Proof of Theorem iinvdif

Step	Hyp	Ref	Expression
1		dif0 3950	. . . 4 |- ( _V \ (/) ) = _V
2		0iun 4577	. . . . 5 |- U_ x e. (/) B = (/)
3	2	difeq2i 3725	. . . 4 |- ( _V \ U_ x e. (/) B ) = ( _V \ (/) )
4		0iin 4578	. . . 4 |- |^|_ x e. (/) ( _V \ B ) = _V
5	1, 3, 4	3eqtr4ri 2655	. . 3 |- |^|_ x e. (/) ( _V \ B ) = ( _V \ U_ x e. (/) B )
6		iineq1 4535	. . 3 |- ( A = (/) -> |^|_ x e.

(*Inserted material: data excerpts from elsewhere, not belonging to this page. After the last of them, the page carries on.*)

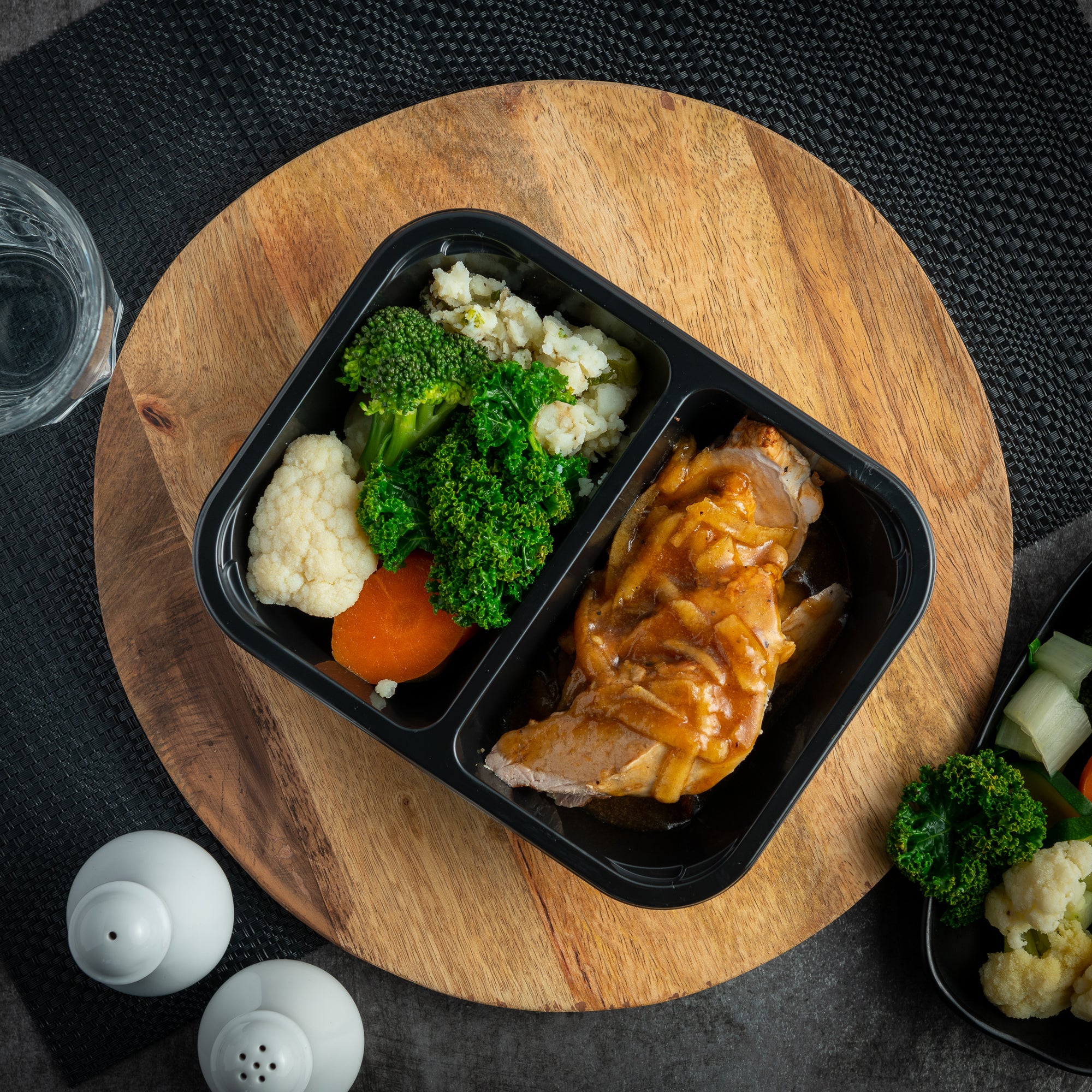 Roasted pork fillet, served with crushed new potatoes, seasonal steamed vegetables and jus.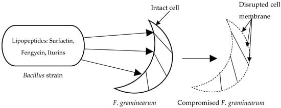 The antagonism of these antimicrobial substances has been reported against F. graminearum [26,27], Fusarium oxysporum [39,40], Fusarium solani, and Rhizoctonia solani [40], amongst many other plant pathogenic fungi. In a study by Földes and colleagues [29], antagonistic compounds produced by Bacillus subtilis IFS-01 exhibited antimicrobial effects against phytopathogenic, food-borne, and spoilage microorganisms. In an agar diffusion assay, some of the filamentous fungi and yeasts tested showed no visible growth within the inhibition zone (about 10 mm from the colony) due to the antagonistic effect of B. subtilis IFS-01. These findings confirmed the biological control ability of this Bacillus strain against these fungi and yeasts. The iturin family of the lipopeptides produced by Bacillus amyloliquefaciens PPCB044 strain showed antagonism against pathogenic fungi from seven citrus plants during postharvest [41]. All the fungal pathogens were deterred by the B. amyloliquefaciens PPCB004 strain, as the strain produced compounds related to iturin A, fengycin, and surfactin [41]. Similar results were also described by Gong et al. [26], who reported the antagonism of iturin A and plipastatin A from B. amyloliquefaciens S76-3 in wheat inoculated with F. graminearum. The data obtained from both the growth chamber and the field plot assays revealed a strong antagonistic activity of strain S76-3 against the growth and development of F. graminearum. Iturin A killed the conidia at the minimal inhibitory concentration of 50 µg/mL, while plipastatin A exhibited a strong fungal activity at 100 µg/mL.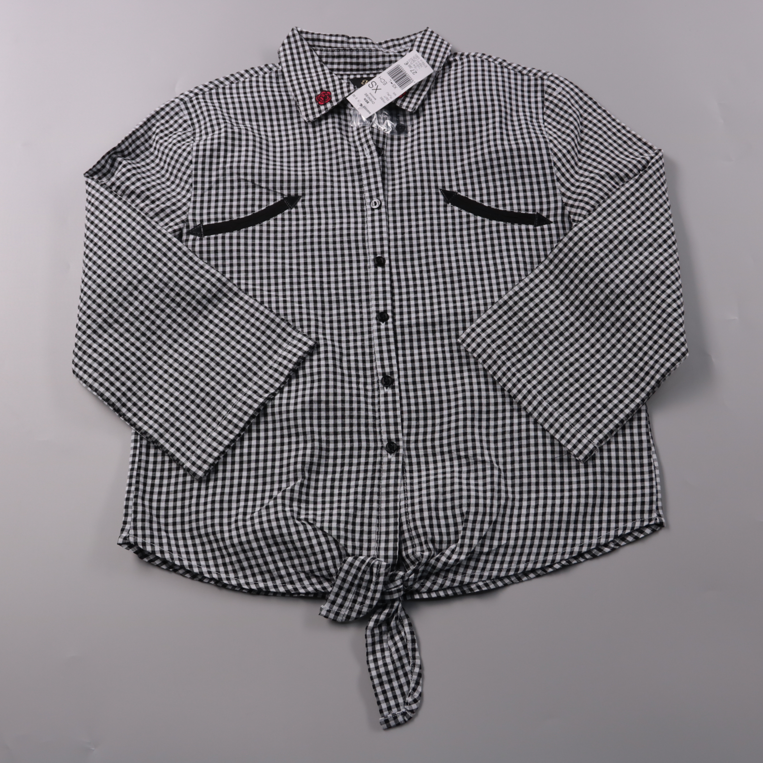 Блузка Etam в черно-белую клетку с длинным рукавом и завязкой спереди. Подойдёт для повседневных образов и офиса в стиле casual, хорошо смотрится с джинсами или юбкой. Смесовая ткань (хлопок/полиэстер) меньше мнётся и проще в уходе.

A ( _V \ B ) = |^|_ x e. (/) ( _V \ B ) )
7		iuneq1 4534	. . . 4 |- ( A = (/) -> U_ x e. A B = U_ x e. (/) B )
8	7	difeq2d 3728	. . 3 |- ( A = (/) -> ( _V \ U_ x e. A B ) = ( _V \ U_ x e. (/) B ) )
9	5, 6, 8	3eqtr4a 2682	. 2 |- ( A = (/) -> |^|_ x e. A ( _V \ B ) = ( _V \ U_ x e. A B ) )
10		iindif2 4589	. 2 |- ( A =/= (/) -> |^|_ x e. A ( _V \ B ) = ( _V \ U_ x e. A B ) )
11	9, 10	pm2.61ine 2877	1 |- |^|_ x e. A ( _V \ B ) = ( _V \ U_ x e. A B )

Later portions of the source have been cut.